Maybe I could also write about the struggles of a TSR yet at one point or another that line of writing will most probably end since my being a TSR isn’t really that interesting. I could cook up a lot of anecdotes from my calls but they won’t be enough to sustain a blog.

The most probable here is the one wherein I would simply remove all incriminating posts in my blog so it would reflect no personal detail about me but all details about my life. and the one about Bio concepts explained in layman’s terms. The others might be simply too much work.

And of course we cannot write about things we do not know right? So I cannot write about travels and food trips which are two subjects I would have loved to write about. I need to gain a certain degree of experience for those things to be the subject of my writings.

Maybe then time will come when I could write about this things and when that time comes I know I’m no longer as tied down to this binding kind of work that I have.
And when would that happen? In two or three years time maybe?

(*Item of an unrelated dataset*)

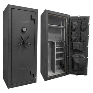 The Stealth UL23 Gun Safe boasts a 23-gun capacity and meticulous design, standing at 59.00" high by 24.00" wide by 18.00" deep. It's tailored to fit seamlessly in your closet, ensuring your firearms and valuables remain secure and easily accessible.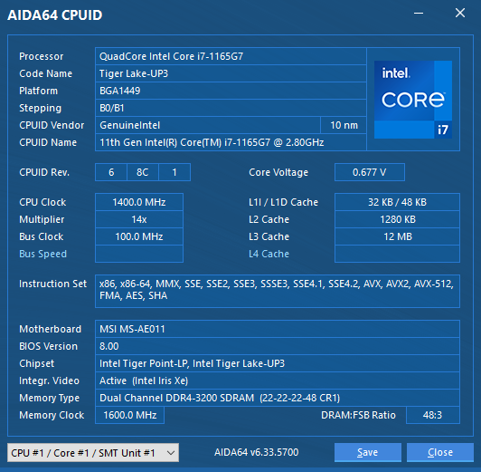 В Modern AM241P 11M используется ноутбучная платформа Intel с процессорами одиннадцатого поколения, что отображено в названии: 11М. Само по себе это существенное изменение архитектуры, причем первое за долгие годы и большее, нежели в настольных Rocket Lake, где пришлось ограничиться старым техпроцессом. Tiger Lake используют новейший техпроцесс 10 нм SuperFin. Но это не единственное улучшение платформы.

Hopefully.

writer in me with nothing to write about

a while back i was itching to write about my topsy-turvy sentiments. now i can’t find the words to voice out my thoughts.

in less than 10 minutes i should be back at my station. i haven’t even eaten a morsel of my choco chip cookies. yet my mind wants to vent out whatever emotion it is keeping at bay. it seems i want to release something. yet i cannot. not at this instant.

it seems they’re all there — at bay. awaiting release.

why won’t release come? *sigh*

maybe hunger pangs is dulling my brain. silencing both the cerebrum and the hypothalamus.

the blogger in me

part of the reason why i haven’t been posting anything on this blog, apart from what the toll at work did to my body, is because i’ve discovered several blogs that i liked to read.

most of them were of course what blogs should be – a shot at making serious national issues a comical or satirical relief. being a current affairs junkie (as of last year), and having gone without any update on current affairs for 5 months now, i’ve turned to this blog for my source of what is happening on the local scene now.

of course they do not provide a complete picture of events but they are as close and as relaxing as i could get. reading online newspapers, are for me, albeit ecologically friendly, tiresome and eye-stressing. it seems news are better watched on tv or more preferably, read on newspapers.

and so discovering these blogs were for me like discovering gold mines. not only did i find comic relief and diversion from my mundane existence, i’ve also found inspiration on what blogs should look like. on what blogs that other people read, should be like.

and so, here i am. tired and beaten from a night’s work, yet still conceptualizing in the recesses of my brain, a unique topic to blog about. a unique name to create. and a unique thing to talk about. quite a feat in this world of carbon copies i must say. yet i do know i need another outlet of myself. i cannot confine myself to the four corners of my work and my sleep – which is what had pretty much defined my lifestyle.

i thought working would be my liberation, it turned out being a yuppie was my prison.

i hope to break free of the prison i inadvertently gotten myself into.

and blogging – in the way that the blogs i am reading – might just be the cure for that.